_What the task requires_: Leaving out all pictures, transcribe the lines below exactly, from the first through the line containing "Een mooie houtsnede".

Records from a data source
*-*-*

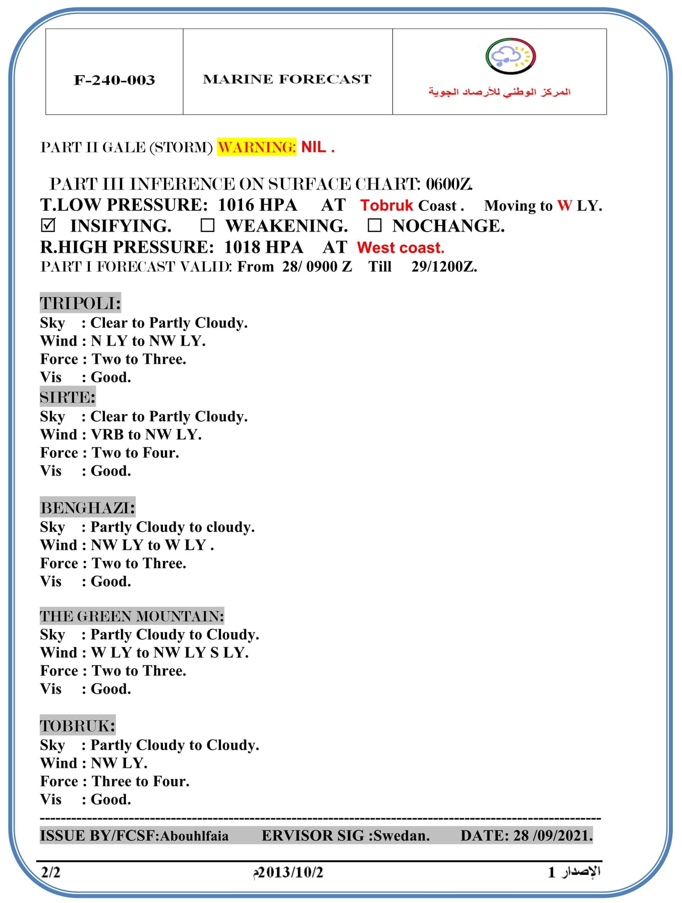•البحر هادئ الى خفيف الموج بشكل عام بينما يكون قليل الاضطراب هذا اليوم على ساحل درنة و طبرق.
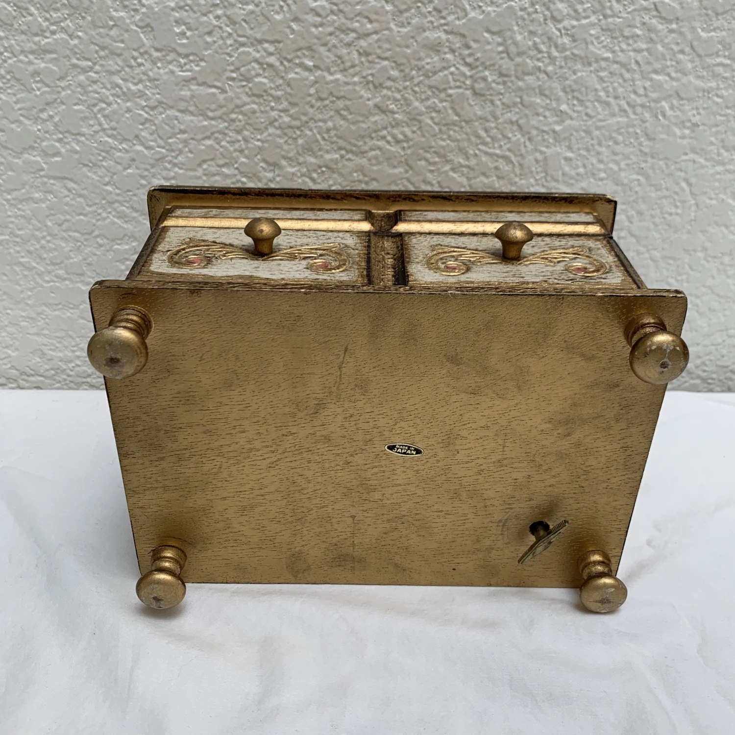 Petite vintage wood Florentine jewelry box with crimson velvet lined interior. Was a music box but it doesn’t seem to be working as to the tune. Made in Japan
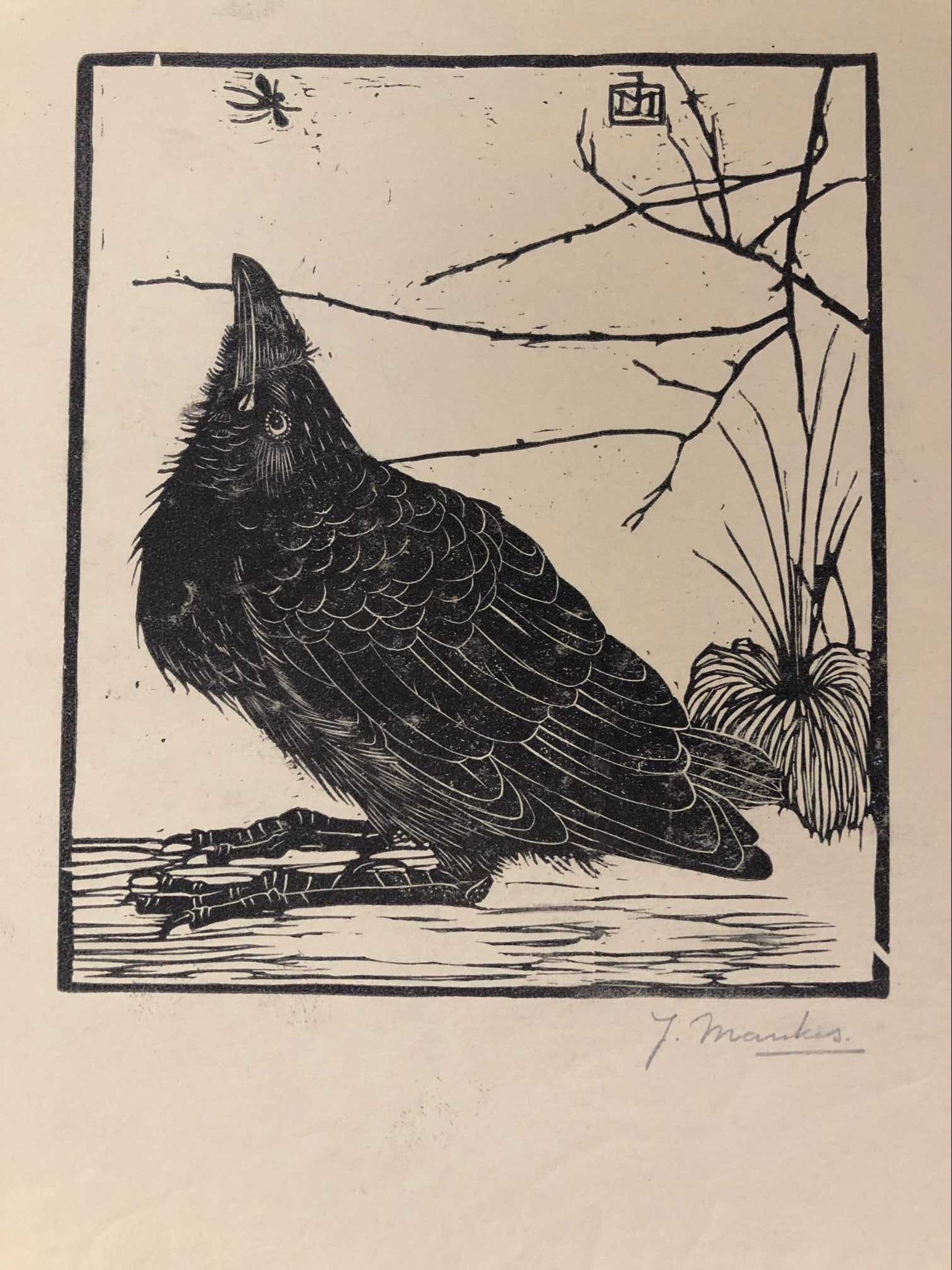 Een mooie houtsnede ( 1918 ) van Jan Mankes , gesigneerd met potlood rechtsonder en monogram in de plaat.
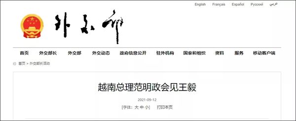 范明政请王毅转达对中国领导人的诚挚问候,热烈祝贺中国共产党百年华诞和中华人民共和国即将迎来72周年国庆。表示越中双方都坚持走社会主义道路,两国同志加兄弟的关系是越中两党、两国和两国人民的宝贵财富,应得到进一步巩固和深化。越方永远铭记并感谢中方为越南革命和建设事业提供的巨大帮助。强大繁荣的中国是越南的机遇,中国的发展为越提供了可资借鉴的发展模式和重要经验。越方将对华关系作为对外政策头等优先,愿同中方加强两党两国高层和各领域交流合作,增进战略互信和人民友谊。感谢中方向越方提供疫苗援助,这是“雪中送炭”,体现了患难真情。越方愿学习借鉴中方抗疫经验,全面推进抗疫合作。保持两国经贸、投资合作发展势头,维护产业链、供应链稳定,并为中方在越投资提供便利。越方重视中国日益提高的国际地位和影响,高度赞赏中方在国际地区事务中发挥的重要作用,愿同中方加强在联合国、东盟、亚太经合组织等机构中的协调合作。双方要落实好高层共识,妥善处理海上问题,保持海上局势稳定,循序开展海上合作,推动“南海行为准则”商谈,为维护地区和平作出贡献。
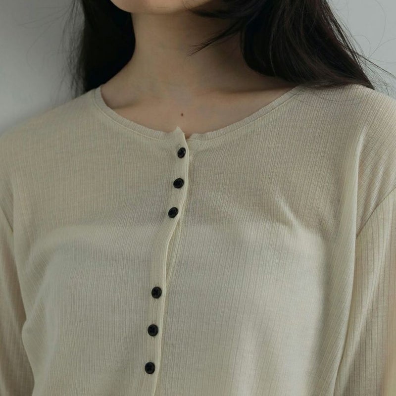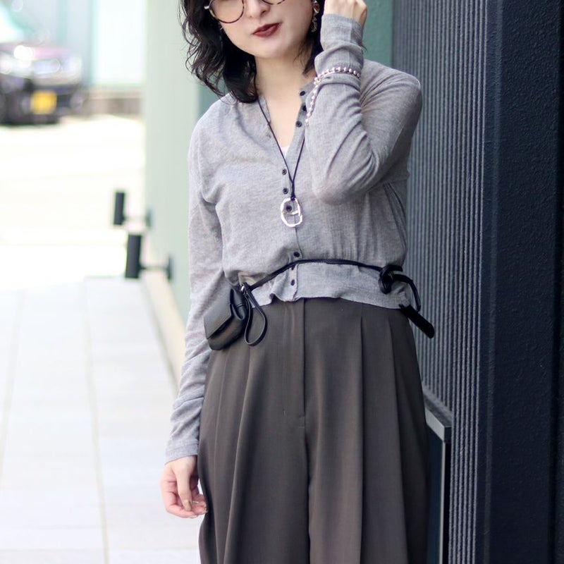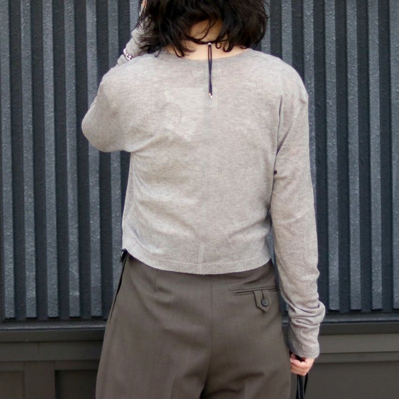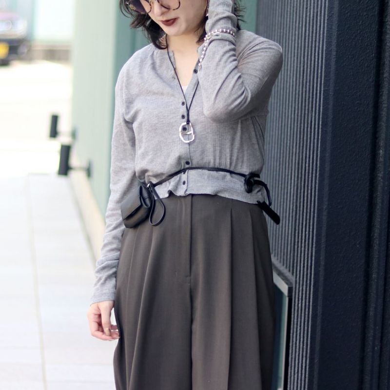 柔らかな薄手のカットソーリブ素材を使用したコンパクトなカーディガン。

*-*-*

_Solution_:
•البحر هادئ الى خفيف الموج بشكل عام بينما يكون قليل الاضطراب هذا اليوم على ساحل درنة و طبرق.
 Petite vintage wood Florentine jewelry box with crimson velvet lined interior. Was a music box but it doesn’t seem to be working as to the tune. Made in Japan
 Een mooie houtsnede ( 1918 ) van Jan Mankes , gesigneerd met potlood rechtsonder en monogram in de plaat.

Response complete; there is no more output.